Notice: On April 23, 2014, Statalist moved from an email list to a forum, based at statalist.org.

# RE: st: Difference of means and t-test

 From "Nick Cox" To Subject RE: st: Difference of means and t-test Date Tue, 15 Jun 2010 17:59:27 +0100

As before, I see no difference in view here, despite what you say.

P-values based on imputed Gaussians will be correct only insofar as the
underlying distribution really was Gaussian, and otherwise dubious.
Naturally, that is impossible to check without the original data, which
in this circumstance we do not have. But often we have experience with
similar data, a point often overlooked.

As Bertrand Russell said somewhere, the method of "postulating" what we
want has many advantages; they are the same as the advantages of theft
over honest toil.

Sure, the test statistics will be the same, but not their
interpretation.

Nick
n.j.cox@durham.ac.uk

Richard Williams

At 02:25 PM 6/14/2010, Nick Cox wrote:
>I don't think our views are contradictory. It is clearly true that you
>can get results from summary statistics alone.
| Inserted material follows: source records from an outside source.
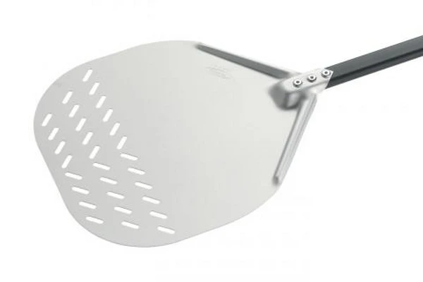 La presenza di fori appositamente studiati sulla parte iniziale della testa permette di scaricare l’eventuale farina rimasta sotto la pizza nella fase di spolvero.
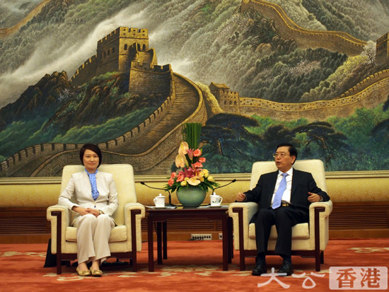 大公网7月24日电(记者 李柏涛 计梦慧 冯昊) 全国人大常委会委员长张德江今日(24日)上午在人民大会堂会见了正在北京访问的民建联代表团,会面持续约一个半小时。民建联主席李慧琼在会面后表示,张德江委员长充分肯定包括20个月政改期间民建联所做出的努力在内的建制力量,并善意提醒凡事政治化对香港发展没有好处,希望社会可以集中精力关注经济民生事项。
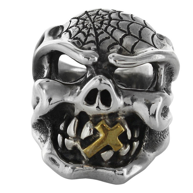 CHOMPS SKULL RING WITH BRASS CROSS TEETH AND SPIDER ENGRAVE
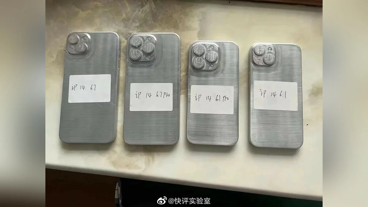 Сетевые источники опубликовали первое живое фото с макетами iPhone 14, iPhone 14 Pro, iPhone 14 Max и iPhone 14 Pro Max. Такие «болванки» используются для создания чехлов, но они же позволяют оценить габариты и расположение камер.

But erecting fake
>Gaussians with those summaries is not equivalent to reconstructing the
>original data. That is my point, and no more. It is akin to arguments
at
>a higher level about "sufficient statistics". If something is normal,
>then it is sufficient to know mean and sd, but there isn't a reverse
>argument.
>
>At 11:19 AM 6/14/2010, Nick Cox wrote:
> >-- except that will surely overstate the strength of the conclusions,
>in
> >so far as the real distributions are unlikely to be exactly Gaussian.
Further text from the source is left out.